Compiler Overview: Scanning and Parsing

Now that we've built a computer, and spent some time learning about assembly languages, we are going to learn about compilers. A compiler is a program that translates from one language to another. This is especially useful in the context of high level languages like Java or C. Since our hardware doesn't understand these languages, we can use a compiler to translate the high level code into assembly or machine code that can be run on our hardware.

A Compiler's Goal

A compiler's goal is to translate from one programming language (we will call this the source language) to another language (we will call this the destination language). In reality, this could be between any two different programming languages, but often times compilers are used to generate executable machine code from a higher level programming language.

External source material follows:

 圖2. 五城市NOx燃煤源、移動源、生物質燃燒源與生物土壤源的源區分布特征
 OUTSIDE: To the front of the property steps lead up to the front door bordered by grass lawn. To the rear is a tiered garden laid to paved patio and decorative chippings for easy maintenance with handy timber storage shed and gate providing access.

Specifically in this course, our compiler will translate from Jack, a high level language similar to Java, to our Hack assembly language. This will give us the capability to write programs with neat features like if-statements and loops that can be compiled, assembled, and run on the computer you built!

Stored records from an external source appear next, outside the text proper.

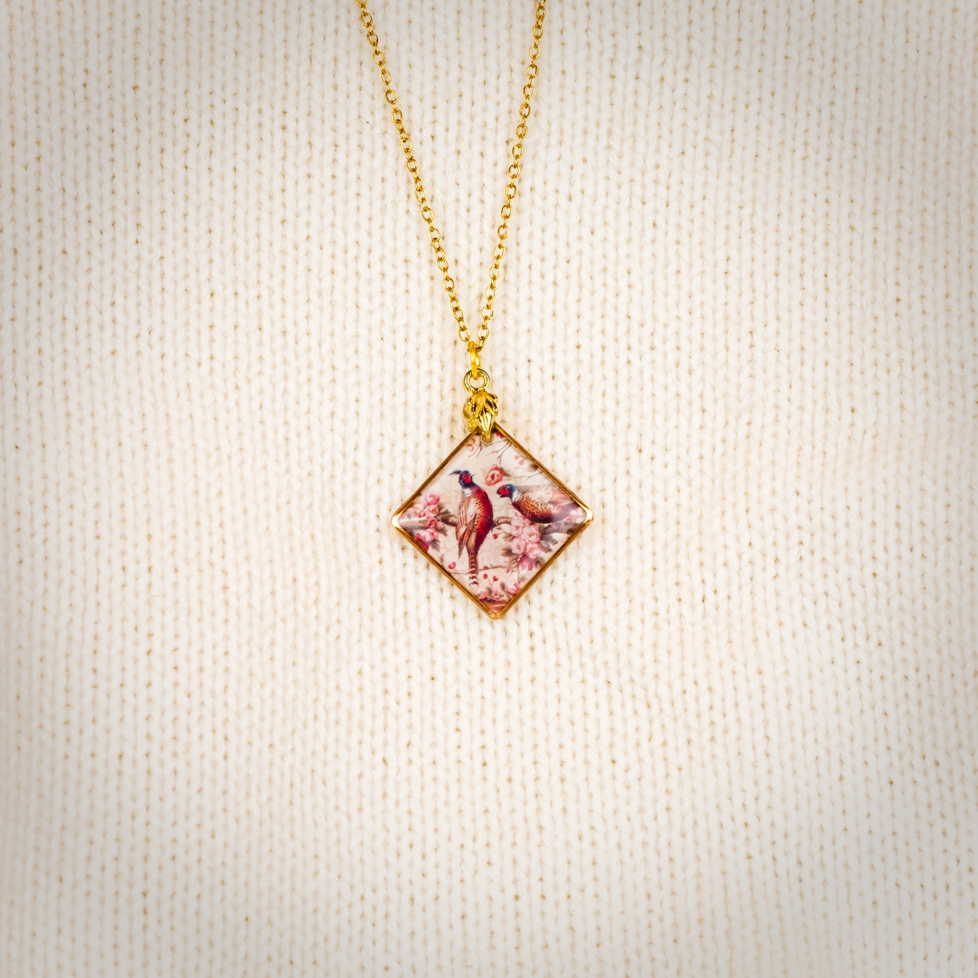 Naszyjnik Bażanty – romboidalny medalion z żywicy, złoty | stal chirurgiczna | Silvaloom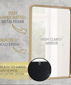 - BEAUTIFULLY HANDCRAFTED – Our Rustic Gold Mirror for wall hanging is handcrafted with care and attention to detail and design. We use high quality metals and mirror materials to guarantee the sturdiness and consistent aesthetic beauty of the design. Our mirrors are silver-backed, presenting a beautiful reflection every time. The finish really stands out, making any wall look incredible!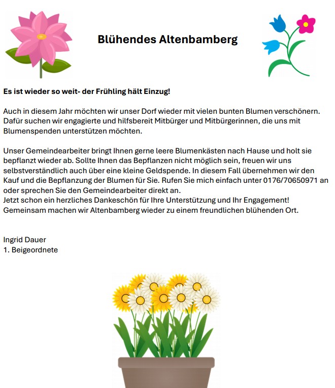 Durch die Dorferneuerung soll eine nachhaltige und zukunftsbeständige Entwicklung des Dorfes unterstützt und das Dorf als eigenständiger Wohn-, Arbeits-, Sozial- und Kulturraum erhalten und weiterentwickelt werden.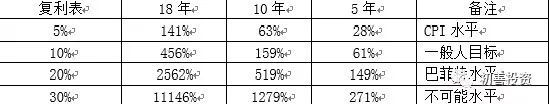 在此,笔者的重点不是复利,而是引用复利计算的收益率作为一个锚。如表3-1所示,141%的意思是假设复利为5%,那么18年后的收益率为141%,即投资10万元,18年后可以赚14.1万元。以此类推,271%的意思是30%的复利5年的收益率为271%。即使世界投资大师,其51年间(1965-2015年)的长期复合收益率也只有19.2%。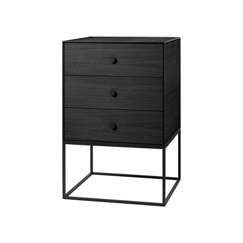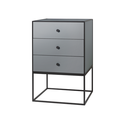 Frame 49 Sideboard med tre skuffer inkl. sokkel er et fleksibelt opbevaringsmøbel lavet i smarte firkantede rammer. Frame-modulerne kan hænges op på væggen eller stå på gulvet. Der er uendelig kombinationsmuligheder.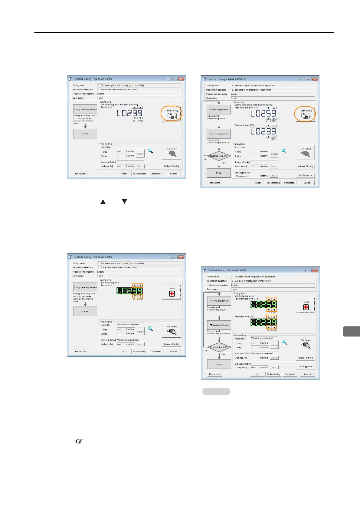 You can set the functions to suppress vibration (notch filters, automatic anti-resonance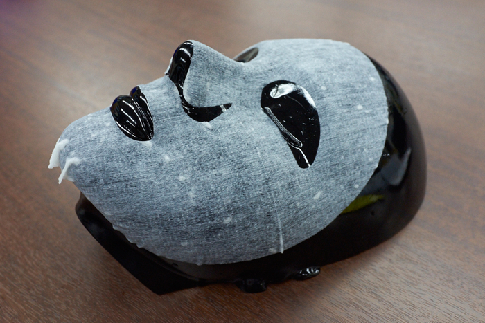 白いマスクを見やすいよう黒い顔をしていますが、ご覧のとおり、日本人女性の平均的な顔は、とても美人さん。彼女は、一日に何十枚フェイスマスクをのせても、疲れを見せないので、とても頼もしいんです。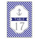 Navy blue, white stripes and anchor navy blue nautical wedding seating table number place card. A stylish striped pattern design with navy blue, white diagonal stripes, a grey anchor with a navy blue love heart and rope and grey and white text in a frame with a blue banner. Contemporary yet with a vintage look in a sense. You can change background and text colour choosing from Zazzle colour chart. This classy design is a completely customisable template and is part of a wedding set perfect for a summer nautical or beach wedding.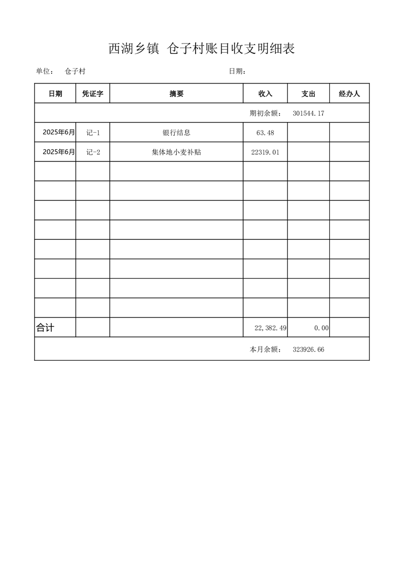 2025年6月份西湖镇仓子村账目收支情况表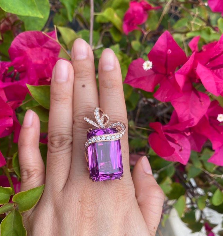 We’re delighted to bring to you the finest vivid violet/pink 66ct kunzite made into a unique pendant in 18k rose gold. Accompanied by 2.5cts of round brilliant cut diamonds uniquely wrapping the face of the kunzite with a bow on top, continuing to fabulous diamond swirls on the rear.

In order to translate between two languages, the compiler must first understand what the original program in the source language means, and then be able to translate that meaning into an equivalent program in the destination language. As we will see, this is no easy task!! By writing a compiler, you are essentially writing a computer program that understands other computer programs, something that may be simulataneously confusing and exciting.

The Parts of a Compiler

The goal for the next two readings is to give a high level overview of all of the different parts of the compiler. This will hopefully place all of the details we will talk about over the next few weeks in context of our larger goal.

The specific steps of the compiler that we will talk about in this course are:

Example: Arithmetic to Assembly

For the different steps of the compiler, we will use an example of attempting to compile an arithmetic language into equivalent Hack assembly. Our arithmetic language won't be formally defined for this example, but it generally consists of constants (e.g. 0 1 2 etc.), simple mathematical operations (e.g. + - * /), and variables (e.g. x or y, though we will ignore variable assignment for this example).

Specifically, we will attempt to convert the following arithmetic expression into Hack assembly:

x + 2 * (y + 4)

Scanning

Input: Raw text/code of source language

Output: Stream of program tokens

From our computer's perspective, the file containing the source language is just a stream of characters. The purpose of scanning is to identify important chunks or tokens within that stream of characters, and remove anything that doesn't contribute to the program's meaning.

Tokens are the building blocks of a language definition. They are each a standalone piece from which you can form different programs, and each programming language has its own definition of tokens. For our arithmetic language, a few examples (but not all of) our tokens might be:

Notice how each token conveys meaning within our program. The scanner will not produce tokens for things that don't convey semantic information about what our program does, such as whitespace and comments (both of which help humans read the code file but don't contain any behavioral information).

After scanning, the compiler will produce a list of tokens for the raw text file. For our example, this might look something like:

VAR(x) PLUS CONST(2) MULT LPAREN VAR(y) PLUS CONST(4) RPAREN

Notice how some tokens, like VAR and CONST, have the specific constant or variable used attached to them. This is because distinguishing between the variable x and the variable y is very important to the meaning of our program.

Parsing

Input: Stream of program tokens

Output: Abstract syntax tree (see below for definition)

Our stream of tokens is an important step into determining the meaning of our program, but it doesn't encode any ordering or grouping of tokens very well. For instance, how do we encode that multiplication should take precedence over addition?

In order to better encode the grouping and ordering of our tokens, most compilers make use of abstract syntax trees, or ASTs for short. An AST is a tree structure very similar to the binary trees you may have come across in earlier courses. In ASTs, there are nodes, which usually represent some feature of the language, and there are children of those nodes, which usually represent nested parts of the feature.

For example, in our AST, we would likely have a node for +, with two children, one for the left expression and one for the right expression. Note that the expressions are defined generally. They could be any other expression in our language, including another +! This allows us to recursively build an AST that can represent any program, which makes them very powerful tools.

Our example AST would likely look like the following:

PLUS Node:
left:   VAR(x)
right:  MULT NODE
        left:   CONST(2)
        right:  PLUS NODE
                left: VAR(y)
                right: CONST(2)

By executing the lowest nodes first and ending with the highest node, we can now see how our AST encodes our program's grouping/meaning better! For example, we can see that we execute 2 * (y + 4) before we add to x, and that we execute y + 4 before we multiply by 2.

You'll also notice that we lost some of the tokens from our token stream. Since our AST encodes meaning/groupings, some tokens become redundant. While the parentheses were super important for determining ordering in a token stream, they are not important in the AST (and are consequently omitted).

As stated earlier, ASTs are powerful structures. In lecture we will learn more about how to build them from a stream of tokens, as well as how to use them to do code analysis and generation.

The Road Ahead

In lecture we will go into more detail about the scanner and parser, and the following reading/lecture will talk about code analysis and code generation. This will build towards Project 7, where you will actually have a chance to implement the code generation portion of a compiler!